A Certain Justice
Page 32
Dalgliesh said, “That won’t be necessary at present. But if there is anything else that you have concealed, half-told or lied about I suggest you remind yourself that this is a case of murder and that the offence of obstructing the police in the execution of their duty applies as much to members of the criminal Bar as it does to anyone else.”
Costello answered calmly: “Some of your colleagues see my job as a defence counsel as obstructing the police in the execution of their duty.”
There was nothing more at present which could be usefully said. As Dalgliesh made his way downstairs to Mr. Langton’s room he wondered how many more lies he’d been told, what else had been concealed and by whom, and had again the uncomfortable conviction that this case might never be solved.

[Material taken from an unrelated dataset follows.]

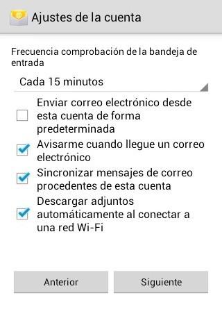 Una vez configurada la cuenta de correo, configuramos las siguientes opciones que pueden variar según nuestras preferencias.

Hubert Langton was working at his desk. He rose and shook hands with Dalgliesh as if it were the first time they had met, then led him to one of the leather armchairs in front of the fireplace. Looking across at Langton’s face, Dalgliesh thought again how much he had aged since the murder. The sharp dominant features seemed to be blurring into old age. The jaw was less firm, the pouches under the eyes were becoming pendulous, the flesh was becoming more mottled. But there were more than physical changes. The spirit was devitalized. Quietly Dalgliesh told him what Kate and Robbins had discovered during their visit to Catherine Beddington.
Langton said: “So that’s where I was. At the rehearsal. I’m sorry I didn’t tell you. The truth is that I didn’t know. The best part of an hour out of Wednesday evening is missing from my life. You tell me that they saw me. I must have been there.”

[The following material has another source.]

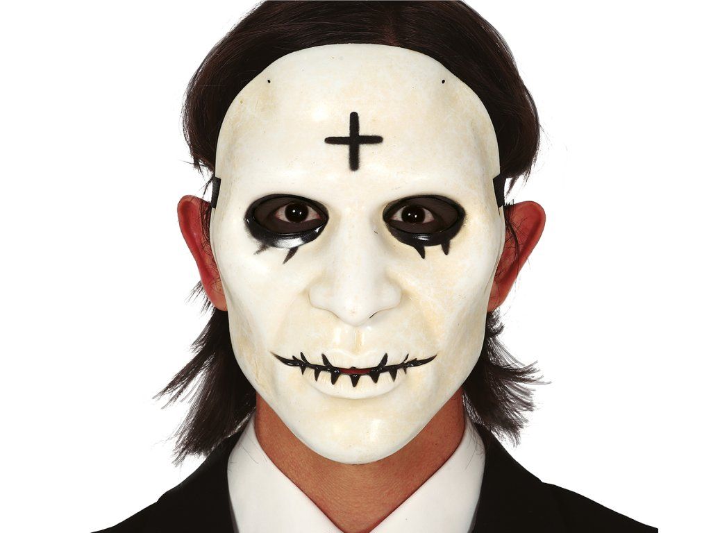 Търсите маска за карнавал или друго парти? Може би ще ви заинтригува тази карнавална бяла маска с кръст от филма Чистката, която е създадена за карнавал, празненство, парти или друг повод. Тази маска е подходяща за тема хорор. Приложението на маските вече оставяме на вас.

Dalgliesh thought that it was as difficult for him to make this admission as it would have been to accept a more damaging truth.
The tired voice went on. “I remember being about three-quarters of an hour late home, but that’s all I remember. I can’t understand what happened or why. I suppose I shall eventually find the courage to go to my doctor but I doubt whether he’ll be able to help. It doesn’t seem like any form of amnesia I’ve ever heard about.” He smiled, then said: “Perhaps I’m secretly in love with Catherine. Perhaps that’s why I can’t accept that I spent the best part of an hour gazing at her—if that’s what I did. Isn’t that the kind of explanation a psychiatrist would come up with?”
Dalgliesh said: “Can you remember whether you went straight home when you left the church?”
“Not even that, I’m afraid. But I’m sure I was home before eight, and my two helpers should be able to confirm it. Venetia spoke on the telephone to her housekeeper—didn’t she?—at a quarter to eight, so surely I’m in the clear.”
Dalgliesh said: “I’ve never seen you as a suspect. What I did wonder was whether you saw anyone you knew in the church or in Pawlet Court when you left. Obviously, if you can’t remember, there’s no point in pursuing it.”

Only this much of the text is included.